Your Four Year Old Might Be Looking for a Best Friend

I think I figured it out. All day, my four year old was asking me to be with him. He would make me sit, right by him. He would make me put things on my head. He would dangle things right in front of my face. It literally was giving me vertigo.

I remembered the work of Carl Jung, who says humans develop “archetypes.” It’s what kind of people we expect to come across and how to handle them. A baby is born expecting a mother. If he doesn’t have one, he seeks out a substitute.

I realized my son was treating me as another four year old child. He wanted me to play with him as another child does. Except, I really can’t. I am really not cut out for the role of being in the middle of the rug with chaos all around me as I look at every single LEGO brick he was using to build with.

He told me I was his best friend.

When I realized this, I was less resistant to it. I forgave myself, a bit. Truly, we don’t live in a way designed around child development.
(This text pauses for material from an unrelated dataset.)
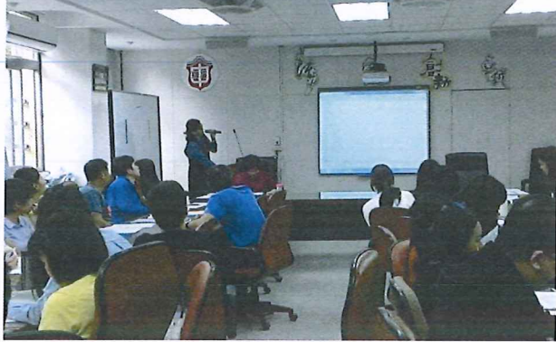
圖說：108/02/21 第一次教學研究會 教學組長進行校務報告

臺北市石牌國中 107 學年度第 2 學期綜合領域會議照片 時間：107 學年度第 2 學期綜合活動領域時間 地點：石牌國中（校史室）

Children only meet up at scheduled, infrequent times anymore. Their social needs are much higher than this. They need to be able to be around lots of children of many ages, frequently.

And I got more creative in how to solve it. I told his sister, 6, that her brother was looking for a friend. She said, “Oh. That’s kind of cute.” She would come play with him, when available. As I type this, she is opening Play Doh for him. She has read books to him. They put on plays and she taunts him, “You think the police car was a good guy. BUT IT’S A BAD GUY!!!” And he chases her all over.

They are wired for each other.

In understanding child development better, it’s my hope we are better able to meet their developmental needs–and in a way that is kinder to us.